Figuring that if if it were me whose cert petition the Supreme Court had granted I wrote I would be in my office the next morning, I called Chesebro in his Cambridge office.  A Laurence Tribe protege - like many Harvard grads - he picked up the phone. I reported our New Jersey win and offered to lend a hand - an offer he welcomed.  With Michael Gottesman of Georgetown and Chesebro as co-lead counsel ATLA coordinated a quiver of friend of the court briefs.  One was my initiative.  With the late Brian Koukoutchos I co-authored a brief embraced by Stephen Jay Gould, the Harvard evolutionary biologist and historian of science.  Labeled the Brief of Historians and Philosophers of Science we argued that Thomas Kuhn's Structure of Scientific Revolutions refuted as a false claim the Quayle attack: that only consensus scientific opinion should be admitted in evidence.  The conservatives lost.  There is such a thing as "shaky but admissible evidence", wrote Justice Harry Blackmun in Daubert.  
- GWC
What MAGA Had Planned For Pence On Jan. 6

One of the still-murky aspects of Jan. 6 and its preparation has to do with the effort to pressure Mike Pence into unilaterally throwing out elector slates from states that Trump lost.

A newly released memo, unveiled by the Jan. 6 Committee last week in a lawsuit against John Eastman, adds more detail to what Trump’s legal team had in mind for Pence.

The memo comes in the form of a Dec. 13, 2020 email — flagged by Politico — from attorney Kenneth Chesebro to Rudy Giuliani.

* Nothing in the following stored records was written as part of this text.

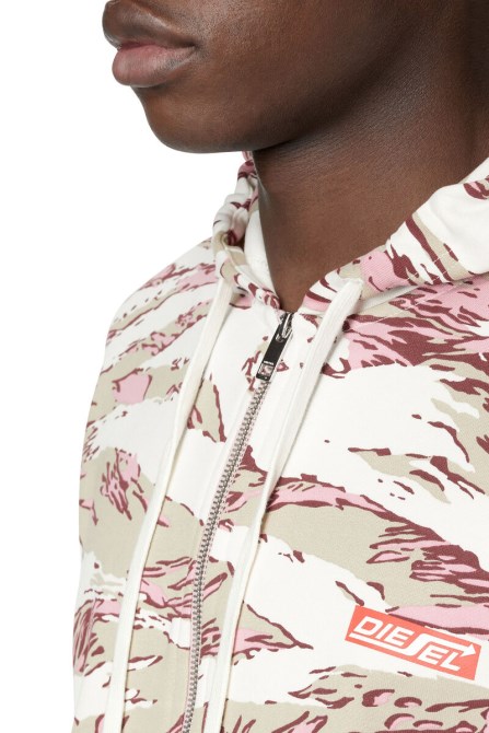 Kapuzen-Sweatshirt In Normaler Passform Aus Loopback-Baumwolljersey. Sein Grafischer Allover-Camouflagedruck Wird Von Einem Wassergedruckten Diesel-Pfeillogo Auf Der Brust Gekrönt.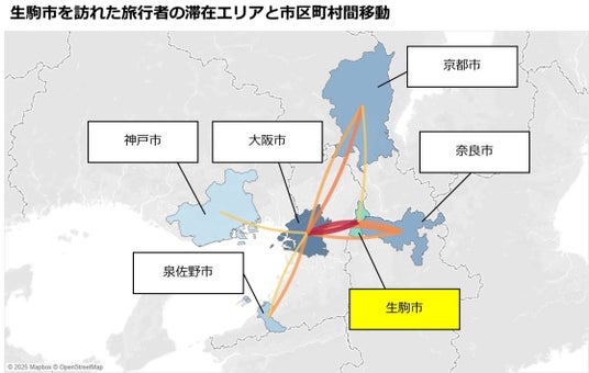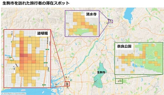 生駒市を訪れた旅行者は他にも、道頓堀(大阪市)、奈良公園(奈良市)、清水寺(京都市)といった関西の有名スポットを一緒に回っていることも確認できました。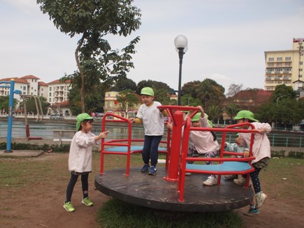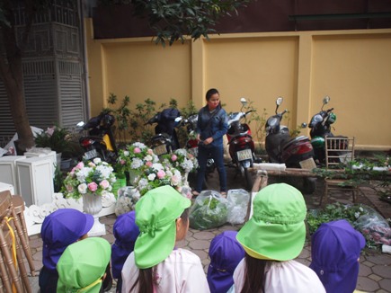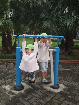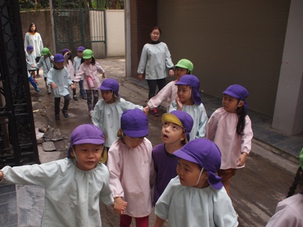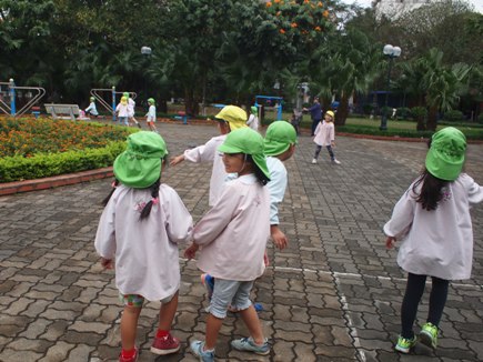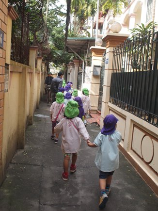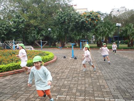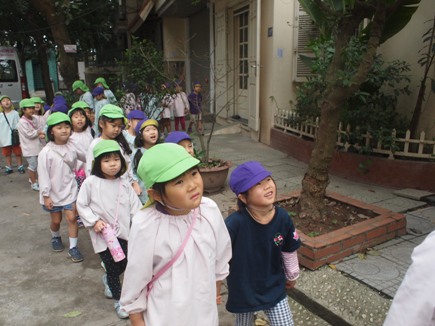 ちょっと遠くの公園まで、すずらん組(年中)さくら組(年長)と一緒に、 散歩へ出かけました。 久しぶりの散歩ですので、子ども達もわくわくいっぱいで、 いろんな発見をしては、その都度教えてくれました。 子ども達が見ている先には、、 木の上にりんごみたいな、丸い実ができていました。 ベトナム人先生に聞いても、わからなかったようで、 「何だろうねー」と言っていました 小さなものを発見するのは、子ども達の方が上手で 「先生みてみて!!」と、教えてくれて 「えーどこどこ?」と探し、一緒に発見できたときの喜びは すごくうれしい気持ちになります。 ここにも何かあったようです! ちいさなみかんの木があり、「ここにもあったよー」 と、教えてくれています! いろんなところに、みかんや金柑の木があるようです。 旧正月の飾りの残りかな? つぎはなにがいるのかな? にわとりを発見しました!! ここはよく通っているので、にわとりがいることは分かっていたのですが、 こんなに多く小屋に入っているのは見たことなく、 「今日はすごいね!!」 「ラッキーだったね」 と、子どもたちも喜んでいました。 巨大ミミズ大発見◎ 暖かくなってきたので、ミミズも出てきたようですね^^ 「うわーすごい!」と、ついつい足が止まってしました。 歩いていると、ちょうどベトナムの結婚式の準備をされているようで、 きれいなお花を見ることができました。 こうやって日本ではないこと、異文化に触れることができ、 子ども達はたくさんの経験をすることができています。 細い路地を通り、、 すずらん組とはここでお別れして、公園に向かうさくら組。 手をしっかりつないで、みんなで気をつけて歩いていくと、 「あっ!ここいったことあるよー」 「ここのアイスクリーム屋さんおいしいよねー。」 「でも、今お金持ってないねえー。残念」 と、なんとも大人のような会話をしている子ども達です! 公園の途中に、お寺がありみんなでお参りをしました。 「みんなが元気に遊べますように!」 さぁー! 公園は目の前です◎ *先生の見えないところでは遊ばない! *安全に気をつけて、お友達と譲りながらなかよく遊ぶ! などのお約束をして、しっかり遊ぶことができました。 近くに住んでいるお友達も多いので、ここの公園には来たことがあったお友達もいて、 「こうやって遊ぶんだよ!」と、話してくれました! 大型遊具もあるので、子ども達はすごく喜んで遊んでいました^^ なかよしのお友達と一緒に遊ぶと、自然と笑顔があふれてきますよね! ぐるぐる回して遊んでいたお友達。。。 「めがまわるよー」と言って、大きな笑い声が響いていました。 遊具から降りた時には、ふらふらになっていて、、笑ってしまう姿もありました^^ ハノイの公園には、 いろいろな健康器具もあり、安全にたのしく遊ぶ姿もありました! たのしく遊んでいる姿がよくわかりますね。 最後には、みんなでどろけい(集団遊び)をして、しっかり体を動かして遊びました◎ みんなでひとつの遊びを楽しむことも大好きなさくら組^^ 「ここが牢屋にぴったりだね」 と言って、子ども達が決めて遊びを始めていました。 いつのも園庭よりも広いので、しっかり走って遊ぶことができました! なんだか、以前よりも一人一人が走る早さも速くなっているように感じて、 成長を感じることができました。 帰りもお寺によって、 「元気に遊ぶことができました。ありがとうございました」 「また、みんなでいっしょに遊ぶことができますように」 と、神様にお願いしました。 帰り道でも、 「たのしかったねー」と言って、充実した様子が見られました。 幼稚園に着くと、元気な「ただいまー」と言う声が、園庭に広がりました。 行事が続いていた三月でしたが、この日は、 子ども達の笑顔が、ハノイの空に広がった一日になりました。 子どもたちの中でも、この日もきっと、 素敵な思い出になり、宝物になってくれたと思います。 さくら組は、残り少ない園生活ですが、最後まで楽しんで過ごしていきたいと思います。 (#082) ベトナム・ハノイの日系幼稚園 さくらHoaAnhDao幼稚園ホーページ |

Chesebro told Giuliani in the message that he was sending “some quick notes on strategy” along after he had lost a more extensive memo “due to a reboot on the hotel computer.”

What follows is a multi-page plan for how Pence was to conduct himself before Jan. 6 and on the day of, and what the consequences of the plan for Pence may have been. Even if the effort failed to install Trump for a second term, Chesebro wrote, “much will still have been accomplished in riveting public attention on election abuses, and building momentum to prevent similar abuses in the future.”

Chesebro, an appellate attorney with a Harvard Law pedigree, reportedly joined the Trump legal team in November 2020, after sending memos to attorneys working to subvert the election which advocated for the use of “alternate electors.”

Per the plan, swing states that Biden won were supposed to submit pro-Trump electors — a key part of a broader plan to subvert the election results by presenting Pence on Jan. 6 with a supposed choice between competing interpretations of who swing states selected for president.